Thursday, June 25, 2009

3 Films and Lesson for Humanity

In the past one month, I watched 3 films with setting at different time and space.

One of which is The City of Life and Death (known in Chinese as Nanjing!Nanjing!). This is a story of the Rape of Nanjing. The film tells the story of, among other, a brave Chinese soldier who resisted the Japanese in street fighting following the retreat of his commander. He was eventually arrested and forced to march with thousands of Chinese POW to the Yangze River bank where they were all mercilessly machine-gunned down. This was not war. This was mass murder, masacre of the highest order against POW. The commanding officer of Imperial Army in Nanking then was Prince Asaka who lived a post war live filled with golf and died only in 1980s never was he brought to account for his role.

The films also tell about John Rabe, a German businessman with the Nazi membership who saved many Chinese civilians through setting up the Nanking Safety Zone. In the films, there were also other brave characters who gave their life to save other as well as the unsavoury who tried to save their own by selling out others.
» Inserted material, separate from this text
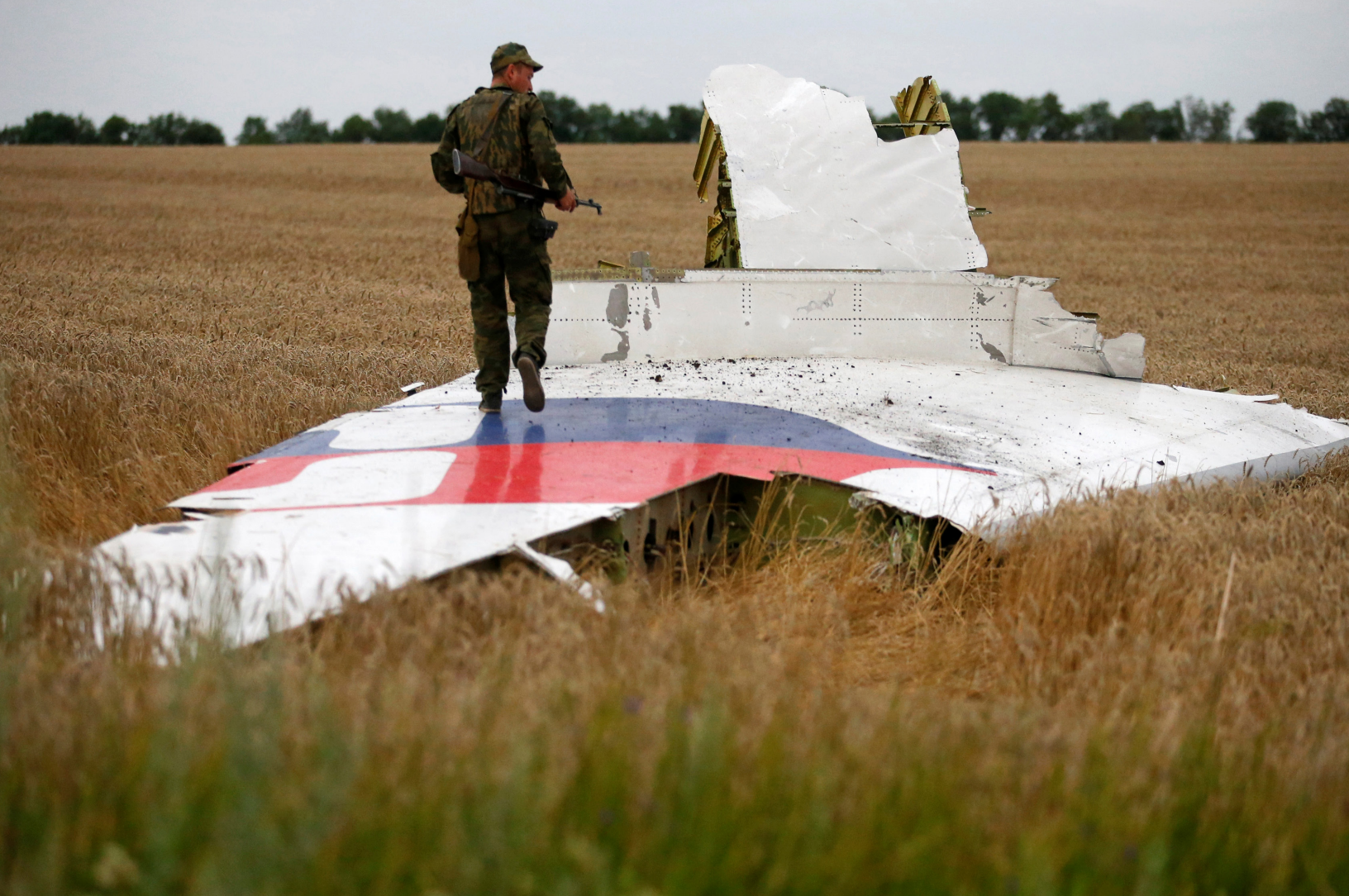
An armed pro-Russian separatist stands on part of the wreckage of the Malaysia Airlines Boeing 777 plane after it crashed in the Donetsk region, July 17, 2014.

Russia is different. In 2013, President Putin said in an interview to RT that, because the network is funded by the government, “it cannot help but reflect the Russian government’s official position on the events in our country and in the rest of the world one way or another.” 62 Even if Putin’s observation does not establish state control, it does, at minimum, make his expectations of the editorial policy very clear.

There were also many uneasy scene where the girls were raped and enslaved as the comfort women. I remember from my reading that the girls at Jinling Girl College were mass raped by the Japanese soldiers. We are talking about thousand and thousand of violent sex victims many of whom didn't survive to tell the story.

It always anger me that someone out there, be it the right wing Japanese or the China bashers whatever their nationality, who denied the attrocity simply because they either cannot accept their responsibility or just hold the Chinese in contempt. The latter has their theory that the CCP made up or exagerate the Nanking massacre in order to give its rule the legitimacy. I find this Cold War era theory ludicrous and these peoples are no different from those who denied the Holocaust.

Back to the film, Lu Chuan, the film producer gave a sympathethic portrayal of a Japanese soldier for which he received death threat from the angry Chinese netizens. Again, this show the immaturity of many mainland Chinese who are unable to accept even a slight variant to the standard description of the Imperial Japanese army.

On the other hand, I am very happy to see more diverse perspectives introduced into the film making. What they did is not a revision of the history rather it is a microscopic perspective of a world with unlimited spectrum of characters and possibilities.

With hindsight, largely due to the Cold War, the perpetrator of war crime particularly the Japanese Imperial Family was not brought to justice. Emperor Hirohito was spared. So was Prince Asaka, the commander at the time of the Rape of Nanking.

Nevertheless, this responsibility in granting the immunity to the Imperial Family is largely that of Douglas MacArthur who single-handedly deprieve any notion of justice to the victims in the region and the humanity at large. What MacArthur did was equivalent to installing Hitler as the German Chancellor.

I will call for MacArthur family and the American government (vicarious responsibility) for a formal apology.

Moving on the second film Rwanda Hotel. This is a story of a Hutu hotelier, Paul Rusesabagina, who shielded hundred of Tutsi and moderate Hutu from the Hutu militia during the 1994 genocide in which an estimate of 800000 were killed.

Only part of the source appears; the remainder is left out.